At its heart, Fallen Land is a composite of opposites, loyalty against betrayal,  two lovers against brutal bounty hunters, yet it is all woven together so effortlessly, it makes me breathless. What strikes me is the story of these two young lovers fleeing the brutality of the war, and bounty hunters, even as they are desperate to craft a new way of life. It’s like one your beautiful lines, “a pinhole of light in the great dark.” Can you talk about this please?

Absolutely.  I think you hit on a central element of the book.  I hate to say “theme,” because I don’t really think about it like that.  But I had this vision of a gray, cruel landscape, with these two orphans traveling across it, largely innocent, and the little flashes of light they reflect or spark or draw from the ash.  I feel like they’re carrying this hope between them, this dream, and it’s fragile as something newborn, and they’re trying to protect it against the myriad dangers, the sharp corners and teeth at every turn.  I think that’s something a lot of us can relate to, even today.

Can we talk about process?  How do you write? Do you have rituals, do you map things out, or does the story slowly evolve through your writing?

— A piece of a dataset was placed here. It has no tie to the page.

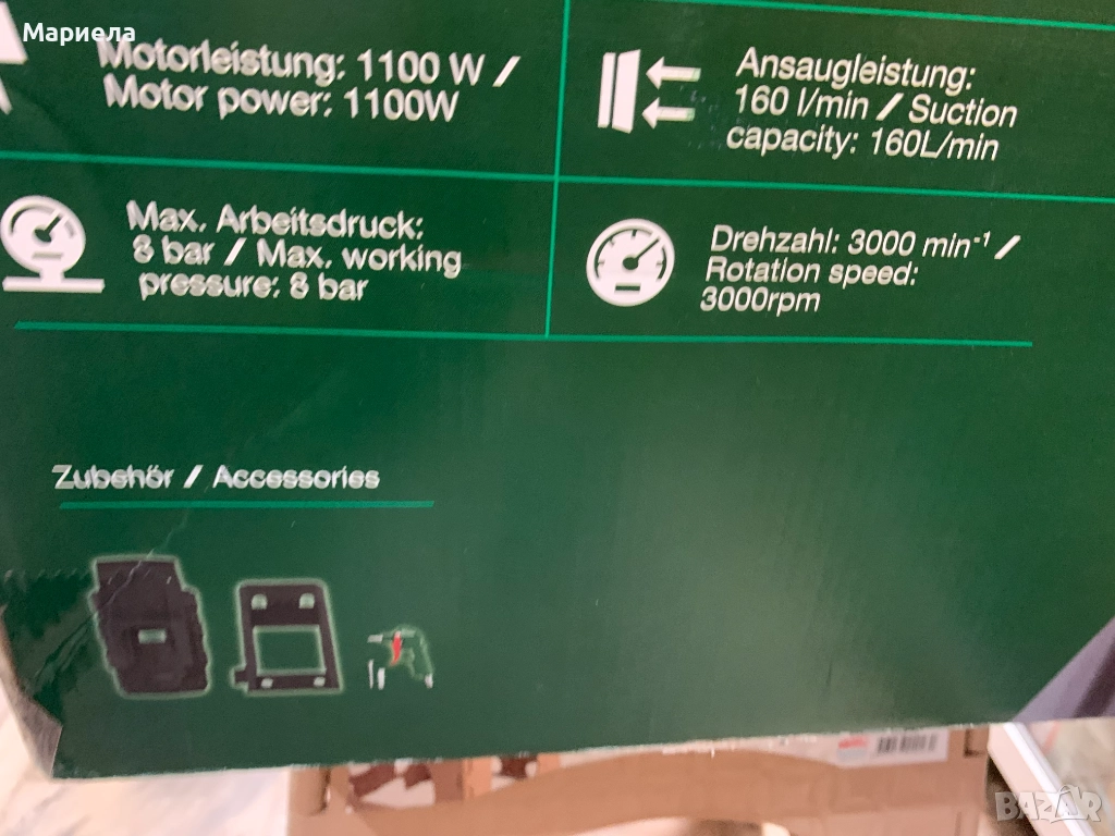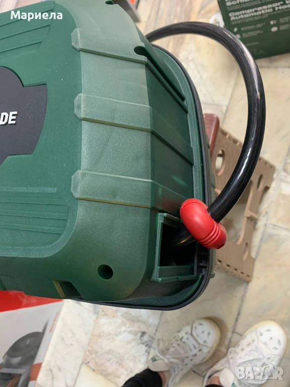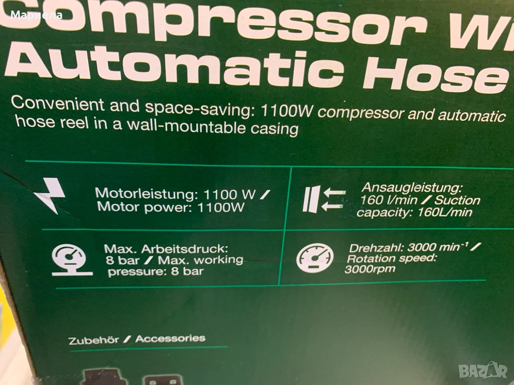 Компресора е с мощност 1100 W и автоматична макара за маркуч в корпуса с опция за стенен монтаж .

I’m pretty disciplined with it.  I write at the same time of day at the same cafe at the same table, if possible, pretty much every day.  I love the ritual of it.  The baristas know when to expect me and what I’ll order.  It’s like being a regular at a neighborhood bar, only more productive!  When I’m going strong, I’ll often write both before and after “work-work,” which is what I call my non-writing work.  (I’m the founder and editor-in-chief of a custom motorcycle blog, BikeBound.com, and I do a variety of other content development and marketing work.)
   
I’m totally one of those people who lets the story evolve.  I feel too limited if I map it all out.  And I think I’m addicted to those moments when the story takes a turn you never expected and never could have planned, but you know it’s just right.  Inevitable, even.  I think it was E.L. Doctorow who said that writing is a lot like driving a night:  “you can only see as far as your headlights, but you can make the whole trip that way.”  That’s exactly how I feel about it.

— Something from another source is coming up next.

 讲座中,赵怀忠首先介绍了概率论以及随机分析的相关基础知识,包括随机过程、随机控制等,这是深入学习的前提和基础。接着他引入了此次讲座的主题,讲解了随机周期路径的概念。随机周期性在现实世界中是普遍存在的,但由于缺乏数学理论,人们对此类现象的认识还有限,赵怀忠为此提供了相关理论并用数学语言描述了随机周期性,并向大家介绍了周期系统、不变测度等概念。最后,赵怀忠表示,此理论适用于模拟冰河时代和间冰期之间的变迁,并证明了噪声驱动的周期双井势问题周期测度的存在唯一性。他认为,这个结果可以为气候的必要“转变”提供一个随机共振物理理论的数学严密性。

What’s obsessing you now and why?

Right now, I’m pretty obsessed with the exotic animal trade, rhino and elephant poaching, and canned hunting.  I’ve been working on a cycle of stories set on a fictional wildlife sanctuary in South Georgia.  A couple of months ago, I visited Carolina Tiger Rescue in Pittsboro, North Carolina, for research, and the stories I heard there just broke my heart. 
   
Before that, I was obsessed with the Altamaha River, a 137-mile river that empties into the Atlantic just north of where I grew up on the Georgia coast.  The Nature Conservancy calls it one of the 75 “Last Great Places in the World,” and it’s the setting for my second novel, The River of Kings, which is forthcoming from St. Martin’s.  It’s home to all kinds of rare and endangered species, and it even has its own “river monster.”


What question didn’t I ask that I should have?

 I’m biased, of course, but one thing I think is interesting is the musical influence in the book.  There’s a dedication at the beginning to the musicians who keep alive the old ballads of Ireland and Appalachia.  That’s because the story was partially inspired by an old frontier ballad, “When First Unto This Country” (Library of Congress Archives of American Folk Song #65A2), which has been covered by everyone from Joan Baez to Jerry Garcia to one of my personal favorites, Aoife O’Donovan of Crooked Still.  The song was first recorded in 1934, but the starting lines appear in Irish ballads nearly 200 years old!  We know little of the ballad’s provenance, and nothing of its authorship, but there’s a rending, lonesome sweetness to the song that became a guiding force for me with the novel.  Those old ballads migrated from England and Ireland to the mountains of Appalachia, where they were revised and re-versed to fit their new country, and there’s a parallel there with Callum, I think.

I have zero musical talent—in fact, I got in big trouble in elementary school because the music teacher thought I was mocking “Amazing Grace,” so bad was my (mandatory) audition for the school musical.  But in some ways, I think of Fallen Land as a kind of ballad itself.